The research shines a light on the dominance of culturally-based discrimination against and subordination of women. These conditions of inequality are exacerbated by climatic disasters. Women’s workload makes them more vulnerable in states of emergency and their safety and health always seem to be the last consideration – as the rest of the family’s security comes first.

Inclusive civil society initiatives could help build resilience

Vasquez et al. have identified where groups of women are organising locally, in solidarity, to improve their wellbeing and that of their families – as in the ‘Comedor las Abejitas’ group in Nuevo Belen, Peru: this group liaises with the Ministry of Women and Vulnerable Populations – the institution responsible for the releasing resources from the Food Supplementation Programme to address food insecurity. The same CASA project in Iquitos is working with local government to co-develop productive enterprises for women.

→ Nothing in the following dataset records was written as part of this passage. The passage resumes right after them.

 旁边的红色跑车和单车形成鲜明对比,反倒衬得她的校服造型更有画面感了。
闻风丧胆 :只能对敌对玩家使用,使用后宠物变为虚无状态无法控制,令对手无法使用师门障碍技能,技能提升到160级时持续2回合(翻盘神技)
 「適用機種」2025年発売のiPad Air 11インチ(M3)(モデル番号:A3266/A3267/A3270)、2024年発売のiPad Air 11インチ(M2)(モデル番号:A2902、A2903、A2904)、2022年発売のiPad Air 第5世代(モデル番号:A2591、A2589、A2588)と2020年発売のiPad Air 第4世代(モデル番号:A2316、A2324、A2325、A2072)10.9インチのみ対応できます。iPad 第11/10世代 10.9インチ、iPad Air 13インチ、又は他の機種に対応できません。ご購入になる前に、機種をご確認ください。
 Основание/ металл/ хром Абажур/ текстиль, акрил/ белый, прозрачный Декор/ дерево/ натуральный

The authors identify other ‘impulses’ of citizen organising, which place women in more central and guiding roles, and which hold promise for more sustainable development outcomes. In Coyuca, a ‘multi-actor’ platform is looking at managing climate risks through a ‘Climate resilience strategy – participatory and sensitive to gender’.

Continued political, moral and financial support for initiatives such as these will surely go some way to redressing the unequal climate vulnerabilities highlighted by the Climate Resilient Cities in Latin America projects – but the synthesis by Vasquez et al leaves the impression that even more such initiatives are needed.

And one cannot help but recognise other, deeper sources of insecurity and inequity in the programme’s analysis – around girls’ and women’s needs for literacy and access to education, freedom from sexual violence and greater awareness of and assertion of their human rights. These are issues that could be addressed holistically to enable everyone to lead safe, secure and fulfilling lives in a changing climate.